An agentic terminal is a fairly simple concept. The core idea is we have a conversation interface that lets us discuss what we want with an AI, and this must be connected to some sort of terminal emulator and shell that the AI can use to run commands in response to our wishes. When a command completes, the AI must be able to look at what happened in the terminal emulator and decide what to do next (e.g. run more commands, or talk to the user).

To bake this "cake" we need some ingredients:

A terminal emulator
An AI conversation engine
Some tools/functions that will connect the pieces

Fortunately for this problem, I already had the first two and a pretty good framework for the third one.

For the last year I've been building an open source AI environment called Humbug. It started out as an AI IDE concept, but it has been transforming over the last few months into something that is starting to feel more like an operating system. You can find the code on GitHub at: https://github.com/m6r-ai/humbug, and it's free under an Apache 2.0 open source license.

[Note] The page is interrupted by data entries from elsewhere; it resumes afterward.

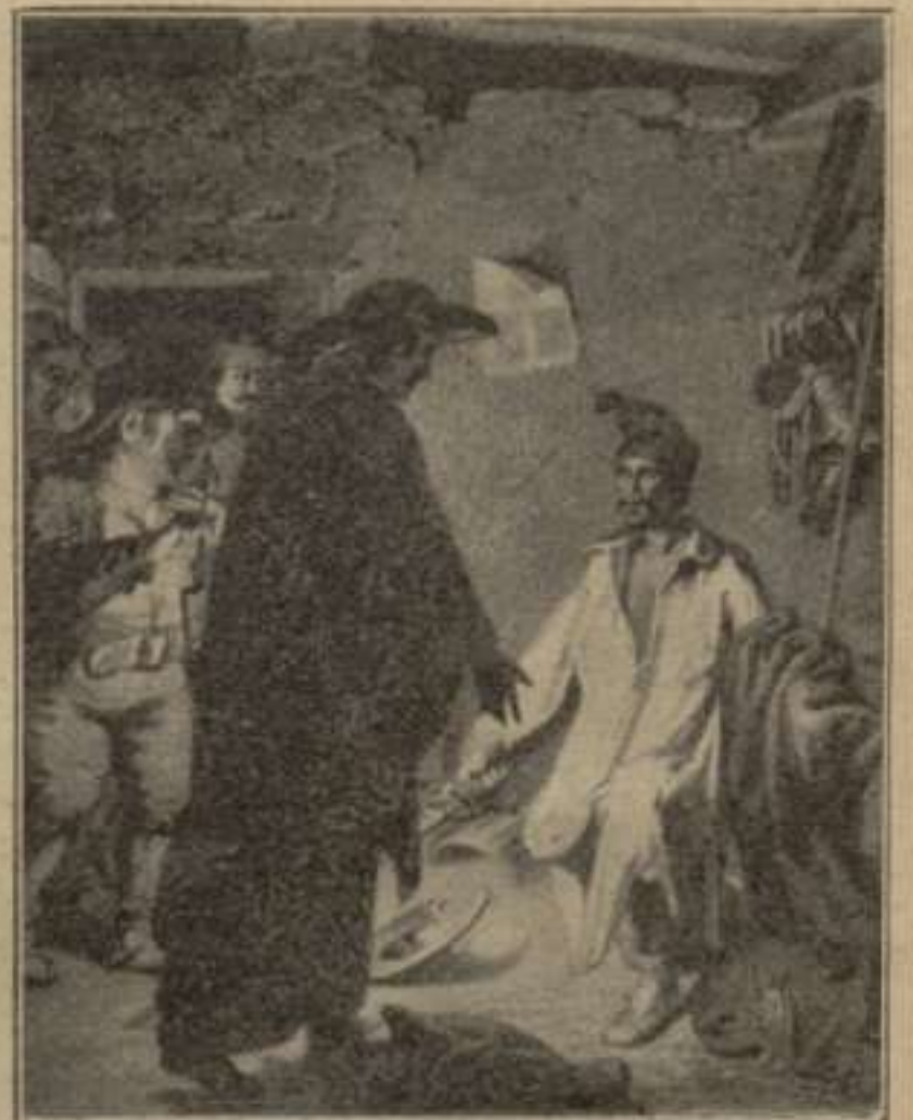
“Bien puede la vuestra grandeza, alta y hermosa señora...”—1.ª part. Capítulo XXXV.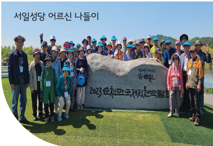
서일성당 어른신 나들이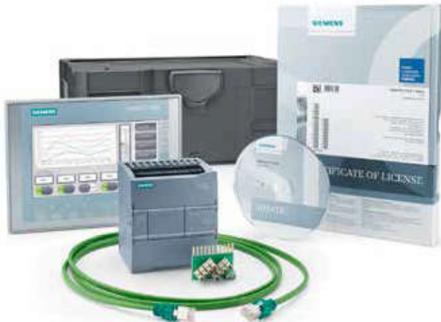
SIMATIC S7-1200 + KTP700 Basic Başlangıç Paketi

* Başlangıç Paketlerinde indirim yapılmamaktadır.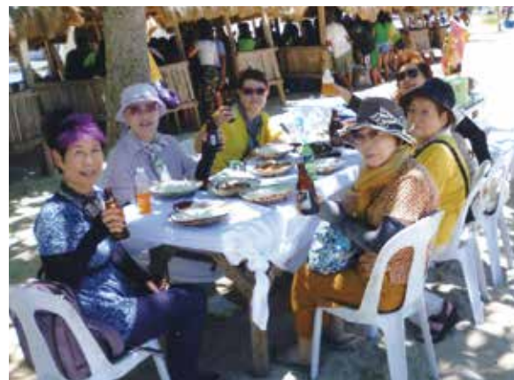
島めぐりへ行き、皆でビールでカンパイ!!イカ、魚、エビなどを焼いてもらいバーベキューを堪能しました!

4月18日から22日まで、4泊5日、6名でセブ島に行ってきた。2日目は島全体の休日に当たり、ほとんどの店が休みになってしまい、計画を練り直しました。私が一番に挑戦したかったパラセーリングはなんとか予約できました。飛ぶ位置まで向かった時、サービス?でスピードを出したり、バウンドさせたりしてくれたので、やや酔ってしまった。でも空高く飛んだ時は大変気持ち良かったです。その後はフラワーパークにも行きました。階段が多く、急な場所にあり、皆大変でしたが、満開のケイトウとひまわりの中で写真を撮りました。3日目は島めぐりです。船の中で撮った写真です。風がすごく強いのがこの写真に現れています。島に着くと、イカ、魚、エビなどを焼いてもらいバーベキューをしました。1時間くらい待つ間、泳いでと言われていたが、誰も泳がず、潮の匂い、風を感じながら待っていました。近くにあずまやが見えたので、砂をふみながらそこまで歩いて行き、写真を撮って来ました。マクタン島に戻った後は、ネイルのお店に行き、ひさしぶりに手足の爪もお手入れをもらい気持ちよかったです。あっという間の5日間でしたが、よい思い出になりました。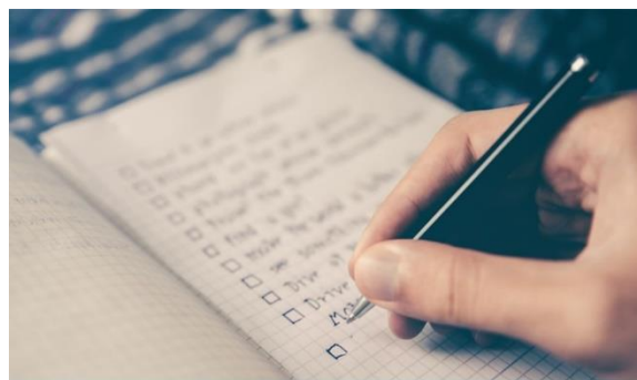
Monitoring of CPD for your teachers and trainers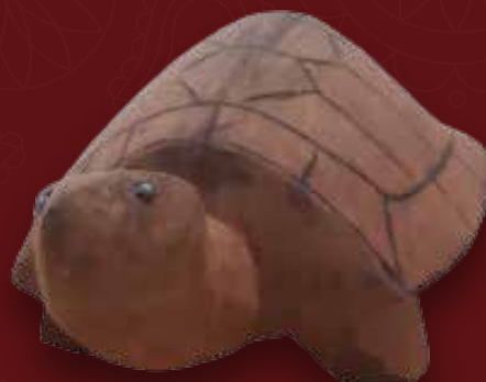
Tortuga Medidas: 28 x 16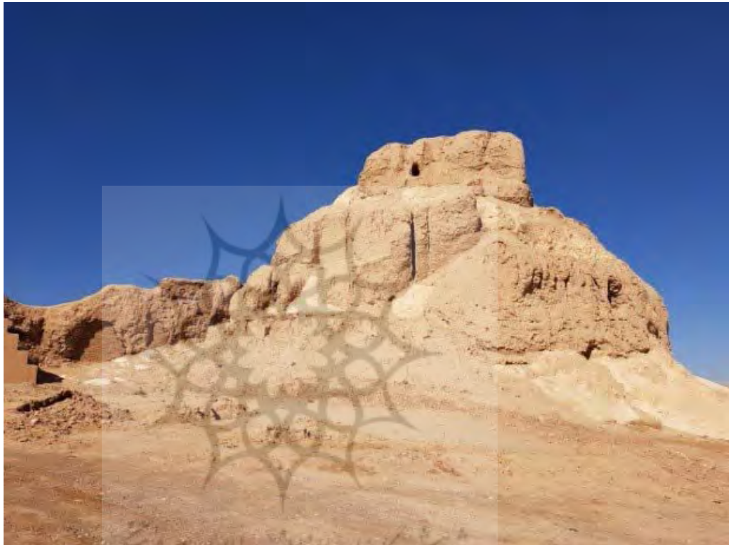
تصویر ۸. تختگاه آقامحمدخان یا برج توپر دیده‌بانی (نگارنده اول، ۱۳۹۹).

شواهدی از عناصر معماری خشتی در انتهای جنوب شرقی قلعه دختر روی صخره‌ای عظیم برجای مانده که درمیان اهالی شهر، با نام «تختگاه آقامحمدخان» شناخته می‌شود (تصویر ۸)؛ درحالی‌که براساس فرم معماری و مقایسه با برج توپر بخش شمال غربی به نظر می‌رسد، این عنصر نیز یک برج دیده‌بانی بوده که دید گسترده‌ای به نمای شهر داشته و بخش فوقانی آن فروریخته، اما بخش پایینی آن به صورت توپر باقی مانده است. در بدنه این سازه، روزنه‌های دیده‌بانی نیز وجود دارد. به نظر می‌رسد راه ارتباطی این سازه با بخش‌های دیگر، از طریق باروی قلعه دختر بوده است.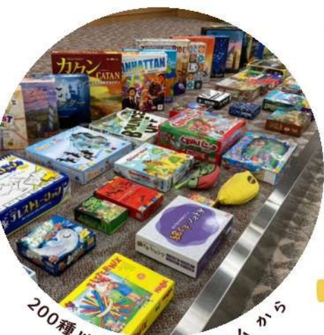
200種以上のボードゲームから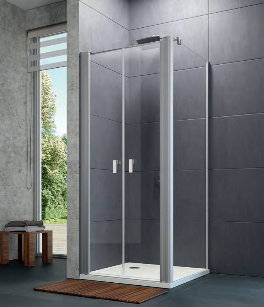
Pendeltür mit Seitenwand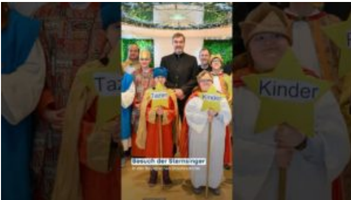
Sternsingeraktion 2026 – Bayern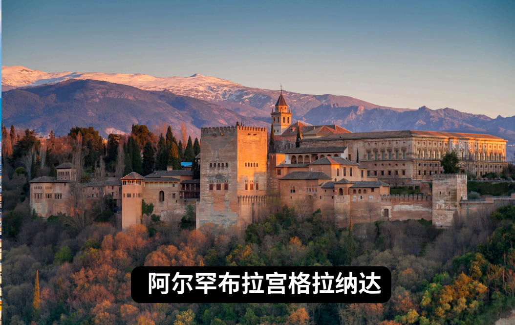
阿尔罕布拉宫格拉纳达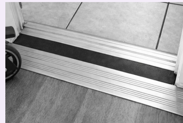
Drempelvervangers: voor een veilige en vrije doorloop in huis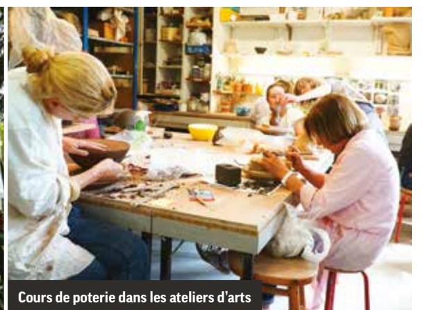
Cours de poterie dans les ateliers d'arts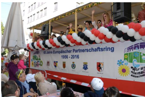
Hossa Mobil des Partnerschaftsring an der Schalgerparade, 24. September 2016.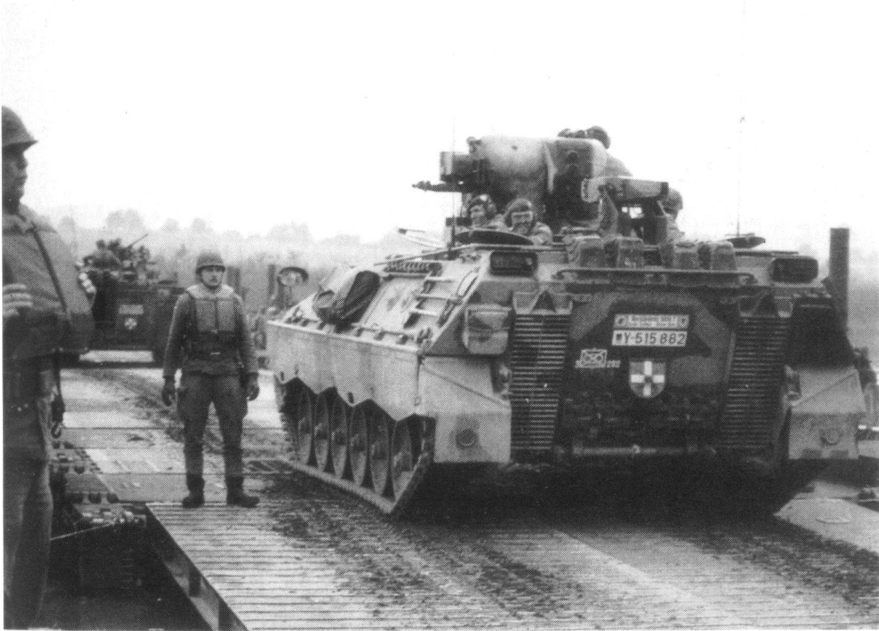
Confié à un équipage de quatre hommes et doté d'une tourelle à deux places, le «Marder MICV» peut transporter un détachement de six fantassins. Tous les «Marder» doivent être équipés de missiles «Milan».

tion délicate du départ à la retraite anticipée de bon nombre d'officiers et de sous-officiers. Le ministre de la Défense avait prévu de diminuer le nombre des militaires de carrière et des engagés par rapport au nombre des appelés, afin d'alléger le fardeau financier des pensions et des indemnités. Mais la commission de défense du Bundestag, sur l'initiative de son propre parti, la CDU, a rejeté cette demande et décidé de maintenir le ratio actuel entre soldats de métier et appelés, ces derniers constituant 46% des effectifs totaux.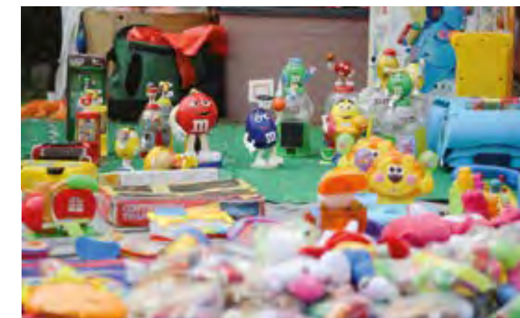
▲ Aneka corak dan bentuk anak patung terpakai dipamerkan dengan susun atur kreatif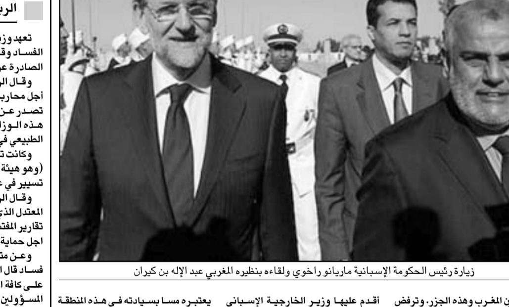
زيارة رئيس الحكومة الإسبانية ماريانو راخوي ولقاءه بنظيره المغربي عبد الله بن كيران

الفاصلة بين المغرب وهدء الجزر. وترفض جزر الكناري التفتيش عن البترول، وهو ما اعتبره مسؤولون حكوميون «ولاء للمغرب من طرف ريفيرو على حساب الولاة لإسبانيا».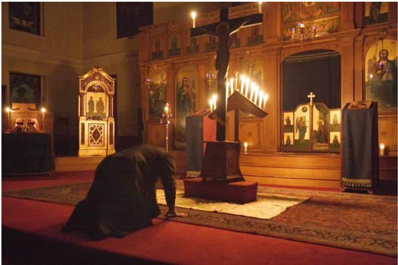
مَعَا : اِحْكَم اِحْصَم

اَسْبِ كَلَا اَلِهَ اِوَاخِي اِي وَتَك . اَمَعَصَد عَصْر اَمَعَاوُو حَا عَجِنَا اِحْكَم اِحْصَم : حُر اِوَا عَهْصَا هَا قِرَا اَعَهْصَا . هَا قِرَا مَهْصَا . اَلِهَ اِي وَكَلَا هَا اِي وَعَاوُو حَم كَا تَسْبُرَا . اُو اِي سُرَا سُرَا مَبْرَا هَا هَا حَا حَا اِحْكَم اِحْصَم اِحْصَم : مَن اِي عَهْصَا مَهْصَا . اِوَا حُرَا وَوَسْطَا اِي اِي اِي وَطَا قِرَا مَن . اِي اِي اِي مَهْصَا . اِوَا اِي حَا : اِي اِي اِي اِي مَن اِي اِي اِي مَن اِي اِي اِي اِي اِي اِي اِي اِي اِوَا اِي حَا :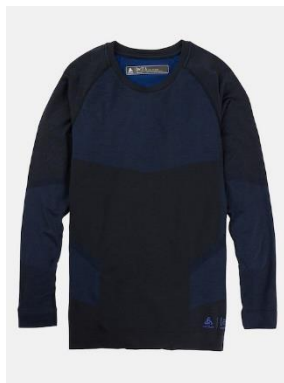
メンズ [ak] ® スローカー メリノ ベースレイヤー クルーネック

スイスを拠点とするブランド、Odloとのパートナーシップによりデザインされた、[ak] ® スローカー パフォーマンスウール 200 ベースレイヤークルー及びボトムスは、メリノのような快適な着心地と動きを妨げないリラックス感で、新しいスタンダードを打ち立てます。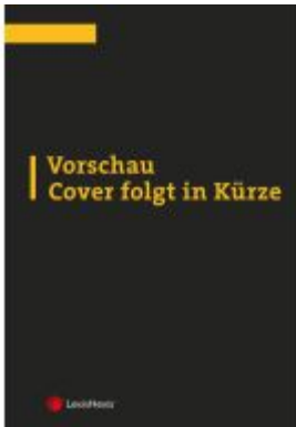
BAO Bundesabgabenordnung – Stoll Kommentar Band 1 Aktionspreis: 96,00EUR Ladenpreis: 120,00EUR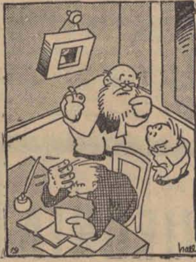
— Dziadziu, pomóż memu tatusiowi rozwiązać moje zadanie.

The code is currently all written in Python (about 65k lines of code at this point). It's also pretty-much dependency free. It uses PySide6 and qasync for the GUI, and it uses aiohttp and certifi for HTTPS connections to LLMs. Other than these, the only other dependency is the Python standard library. Deciding to minimize dependencies was to help both me and LLMs understand exactly how everything works, but it also means it's easy for you to see how everything fits together.

I could have built a stand-alone agentic terminal, but I wanted this one integrated with Humbug so I could leverage all the other things it already does. If you feel inspired to build a stand-alone version, however, most of the pieces inside Humbug are designed to be able to be extracted, so that should make it fairly straightforward.

A terminal emulator

The terminal emulator in Humbug took a couple of weeks to build but has some helpful design features. It has a clean separation between the emulator core, the GUI that renders it, and either a Unix shell or Windows command prompt that it connects to.

This means there's an in-memory representation of the terminal display (and scrollback buffer) that's used to display it in the GUI, but that can also be used to show an LLM what's going on. In the opposite direction it means there's a clean path for the GUI to inject key presses and we can leverage that for an LLM to do the same.

I don't claim it's a perfect terminal emulator but it passes all the tests I could find, and it runs both vi, mc and lazygit so it's pretty reasonable.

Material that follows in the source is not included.